TASK ITEM: Pictures are to be omitted. Output only the lines from the one containing "Bijeli konjić s" through the end of the data, word for word.

══════════════════════════════

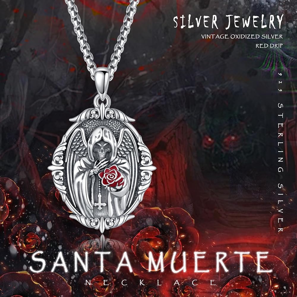✅【صناعة عالية الجودة】- قلادة سانتا مويرتي الجميلة هذه مصنوعة من الفضة الإسترلينية عيار 925 (منقوشة "S925")، والسلسلة مصنوعة من الفولاذ المقاوم للصدأ، وخالية من النيكل والرصاص ولا تسبب الحساسية. شكل Grim Reaper الرائع والسطح المؤكسد وتصميم الوردة الحمراء يجعل مجوهرات قلادة Grim Reaper المصنوعة من الفضة الإسترلينية أكثر جاذبية.
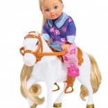 Bijeli konjić s dugom grivom ima sedlo, uzdu i stremene kako bi Evi mogla odmah krenuti na jahanje. Odlično za prizore iz jahaonice i staje.
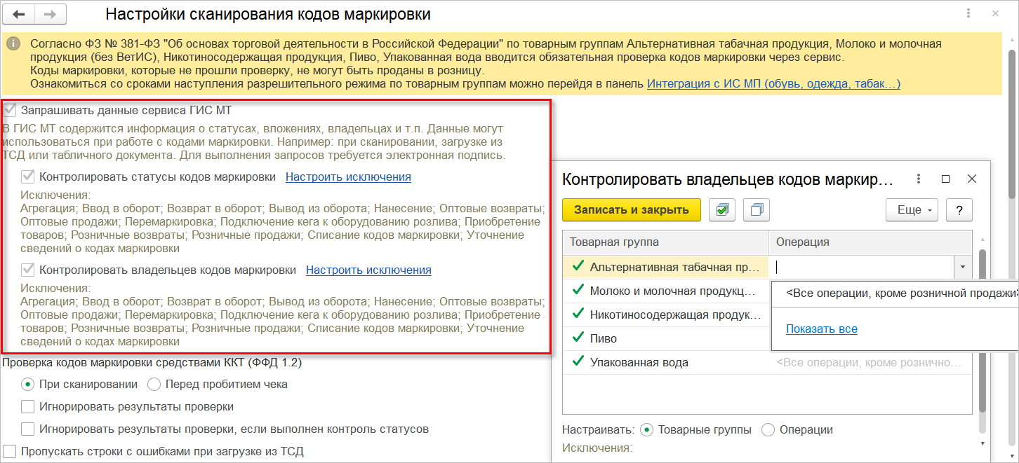 Необходимо в настройках Интеграции ИС МП выставить верные даты ввода разрешительного режима по категориям. А так же установить исключения по категориям и операциям.
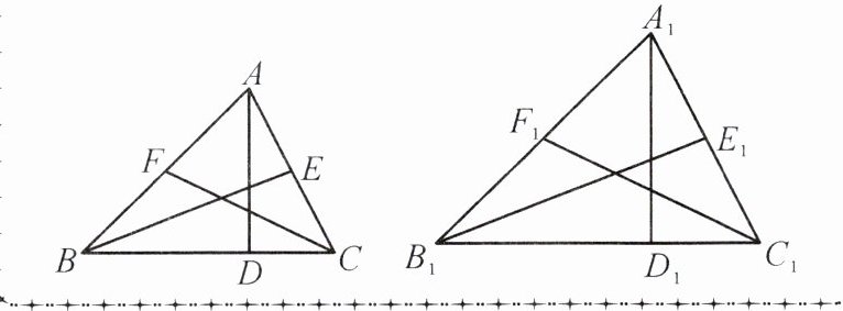 如图,已知$\triangle ABC\backsim\triangle A_{1}B_{1}C_{1}$,其相似比为$k$,$AD$和$A_{1}D_{1}$分别是$BC$和$B_{1}C_{1}$边上的高,$CF$和$C_{1}F_{1}$分别是$AB$和$A_{1}B_{1}$边上的中线,$BE$和$B_{1}E_{1}$分别是$\angle ABC$和$\angle A_{1}B_{1}C_{1}$的平分线,则$\frac{AD}{A_{1}D_{1}}=$____$=$____$=k$.
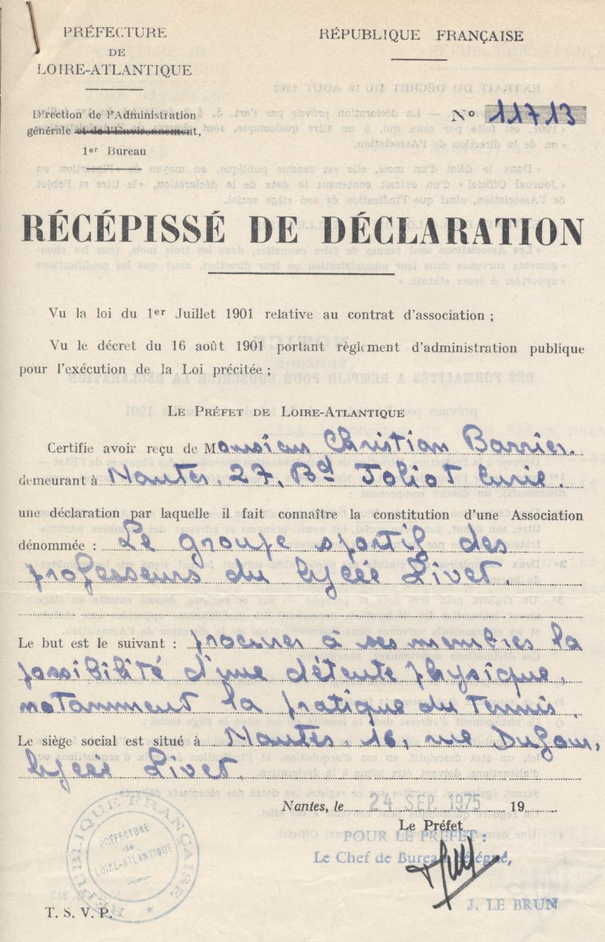 ARTICLE 1 : Le G.S.P. Livet a été créé en Janvier 1963 par un groupe de Professeurs avec l’accord du Chef d’Établissement qui s’est joint à eux.

══════════════════════════════

TASK OUTPUT:
 Bijeli konjić s dugom grivom ima sedlo, uzdu i stremene kako bi Evi mogla odmah krenuti na jahanje. Odlično za prizore iz jahaonice i staje.
 Необходимо в настройках Интеграции ИС МП выставить верные даты ввода разрешительного режима по категориям. А так же установить исключения по категориям и операциям.
 如图,已知$\triangle ABC\backsim\triangle A_{1}B_{1}C_{1}$,其相似比为$k$,$AD$和$A_{1}D_{1}$分别是$BC$和$B_{1}C_{1}$边上的高,$CF$和$C_{1}F_{1}$分别是$AB$和$A_{1}B_{1}$边上的中线,$BE$和$B_{1}E_{1}$分别是$\angle ABC$和$\angle A_{1}B_{1}C_{1}$的平分线,则$\frac{AD}{A_{1}D_{1}}=$____$=$____$=k$.
 ARTICLE 1 : Le G.S.P. Livet a été créé en Janvier 1963 par un groupe de Professeurs avec l’accord du Chef d’Établissement qui s’est joint à eux.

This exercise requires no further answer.